Squamous cell carcinoma consists of two distinct and interdependent components-the tumor epithelial cells and the stroma, in which they are dispersed.[7] During carcinogenesis, it is not only the tumor cells that change but also the stroma.

The extracellular matrix is a complex network of macromolecules which provides structural stability to cells and tissue. Collagen is the chief abundant protein in the extracellular matrix. Changes in any component of this matrix may disturb the physiochemical properties of tissues leading to altered cellular phenotype and changes in cell-matrix interactions. Interactions between invading tumor cells and the extracellular matrix of the host are critical events, which creates an environment conducive to growth and metastasis of tumor cells. There is expression of cell surface receptors for the synthesis of extracellular matrix molecules on the surface of malignant tumor cells.[8] The matrix produced by the transformed cells differs from that produced by the normal cells as the invading tumor cells induce an abundant collagenous or desmoplastic stroma.[9] Collagen is considered as the main barrier to be cleared away during invasion, thus making room for the infiltrating cell mass.

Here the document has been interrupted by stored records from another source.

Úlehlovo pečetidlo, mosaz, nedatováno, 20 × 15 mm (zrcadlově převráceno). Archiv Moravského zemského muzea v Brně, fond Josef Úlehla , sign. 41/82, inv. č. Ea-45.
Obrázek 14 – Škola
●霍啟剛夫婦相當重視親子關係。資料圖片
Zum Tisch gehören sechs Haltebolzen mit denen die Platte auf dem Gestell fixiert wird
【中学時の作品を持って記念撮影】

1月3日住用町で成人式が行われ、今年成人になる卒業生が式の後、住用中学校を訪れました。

Collagen molecules contain basic amino acids, which gives a strong reaction with acidic dyes such as PSR. Sirius red dye reacts with collagen and increases the birefringence property of collagen. The birefringence color produced by polarization microscopy of PSR-stained tissue section is a result of size, alignment and packing of collagen fibers.[10] The dye has the capability to detect and differentiate between thick and thin collagen fibers.[8] The present study used PSR stain with polarizing microscopy to analyze the nature of collagen.

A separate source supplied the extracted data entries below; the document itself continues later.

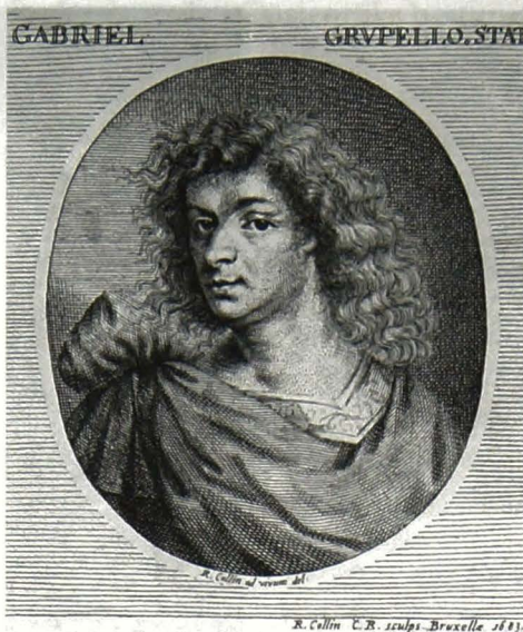
Grupello gegraveerd door R. Collin te Brussel in 1683 uit Sandrarts Akademie.

Coninckstabel (ook gespeld Coninck, Konestabel) aangesteld, die veeleer als erevoorzitter en sponsor van bepaalde feestelijkheden werd aangehouden (21) .
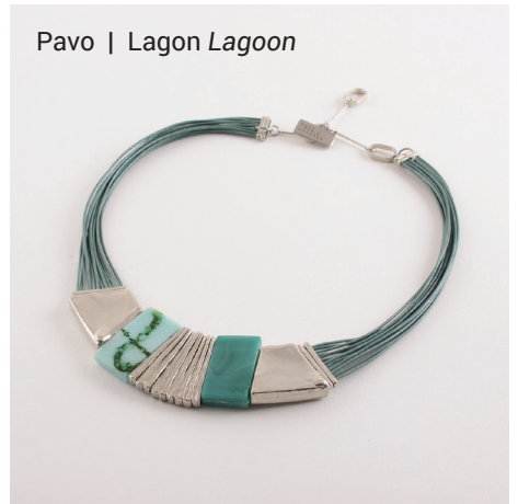
Pavo | Lagon Lagoon
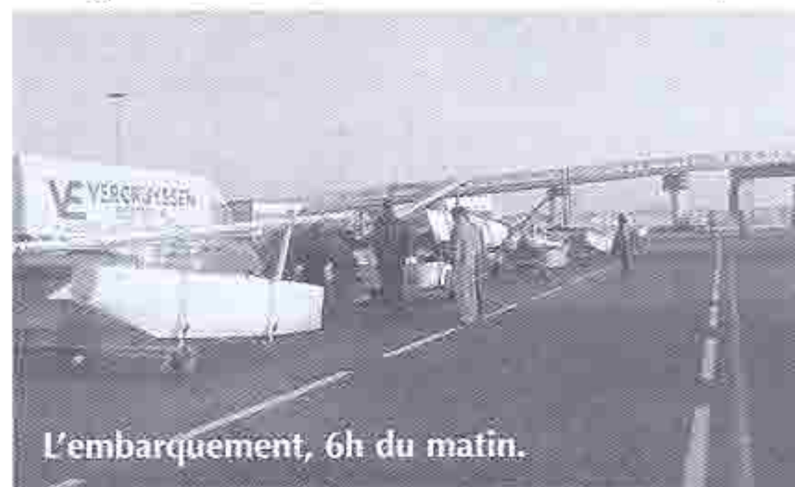
L'embarquement, 6h du matin.

Le soir : grande fête dans la salle des fêtes comme le font très bien les cherbourgeois, annonce des sélectionnés et signature des règles de sécurités et du petit chèque pour l'inscription Transmanche (ici, c'est la seule fois où nous parlerons d'argent: inscription à 1000 Francs pour

The color profile and intensity of birefringence determines the thickness, maturity and molecular packing of the collagen fibers. The Type I collagen fibers, which are thick, mature and densely packed show a strong birefringence exhibiting polarization colors of longer wavelength, i.e., red or orange color. A weak birefringence of green color is exhibited by thin fibrillar or immature and loosely packed collagen such as Type III or immature Type I.[11] The observation of our study revealed a gradual change in polarizing colors along with the advancing grade of OSCC from reddish-orange to yellowish-orange to greenish-yellow.

The present study evaluated the response of stroma in different grades of OSCC and observed that as the grade of carcinoma progressed, there was an increase in thin fibers and a decrease in thick fibers. This change in thickness of fibers with differentiation of OSCC could be due to initial fibroproliferative response and in the later stages, there is abnormal collagen production and defective maturation, thereby promoting the neoplastic growth.[12]

The results of our study were consistent with the findings of Kardam et al.[7] and Kullage et al.,[13] who showed a similar color variance of the collagen fibers in different grades of OSCC.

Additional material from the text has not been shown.